Is that new Lionel 442 running with a DC can motor inside ... i.e., AC power to loco, but loco has rectifier to convert to DC ???

Your old RB is running pure AC, right ???

(Again, I'm "outside of my element" with this thinking.)

Cheers,

TJ


----------



## Boston&Maine

I have always heard that the older motors sucked up a lot of power, but I have never confirmed this myself...


----------



## SkyArcher

tjcruiser said:


> Hi Sky,
> 
> This is a very naive comment/observation, but ...
> 
> Is that new Lionel 442 running with a DC can motor inside ... i.e., AC power to loco, but loco has rectifier to convert to DC ???
> 
> Your old RB is running pure AC, right ???
> 
> (Again, I'm "outside of my element" with this thinking.)
> 
> Cheers,
> 
> TJ


Yes, you are correct. And it is making me think about putting a can motor in the Royal Blue.

Unless I find out that if I rewind/rebuild the motor, I can get the amp draw down.
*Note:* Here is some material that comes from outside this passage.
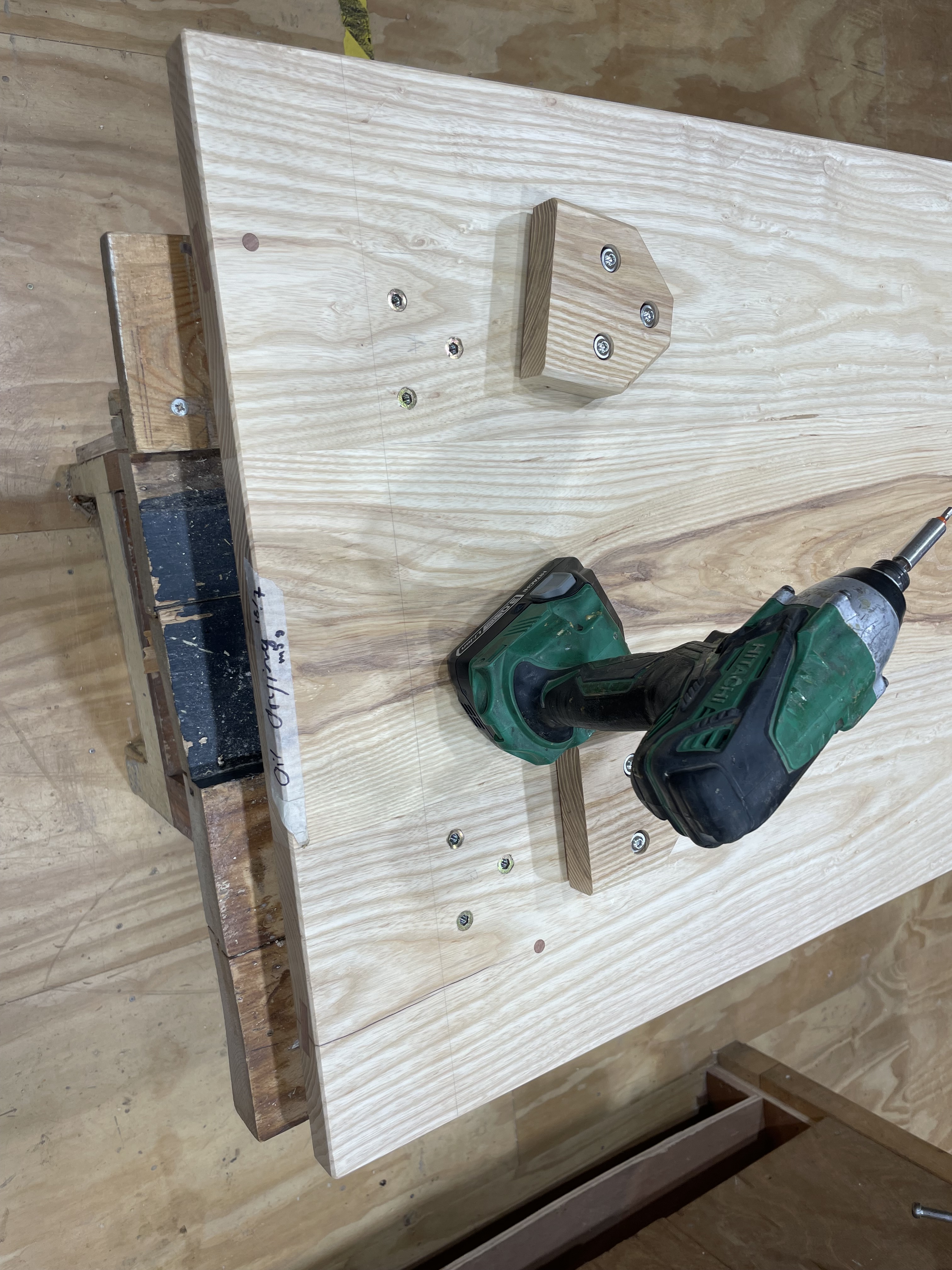 Next up was making the clamps that will hold the desktop to the frame. I used scraps from the desktop build. One edge was already fly and square from the table saw, I and rough cut them to size on the band saw, then made them square-ish with a hand plane. Since there was no real joinery involved with these, the exact size didn’t really matter. The 45 degree cuts were traced out, cut free hand in the band saw, then planed flat. The chamfer along the top was done with the trim router. The slight recess on the clamping edge was done with the router table. Next up was drilling holes with the drill press:

The AC motor in the Royal Blue has been cleaned, the commutator turned and lightly lubed. Still, it is casing rolling blackouts in the area every time I fire it up.


----------



## T-Man

The double motor engines take 4 to 5 amps.Yours seems ok. What lights are dimming? If that's the case the light should be powered with accessory terminals. Unless you go with a big capacitor to get through the electrical drain. Or you are just drawing too much power in all.

What's up!!


----------



## Reckers

*ahem*....the simple solution: only run trains in the daytime. Then the town lights will be off no one will realize there's a problem.


----------



## SkyArcher

I guess I'm a little shocked by how much juice the Royal Blue is pulling.


----------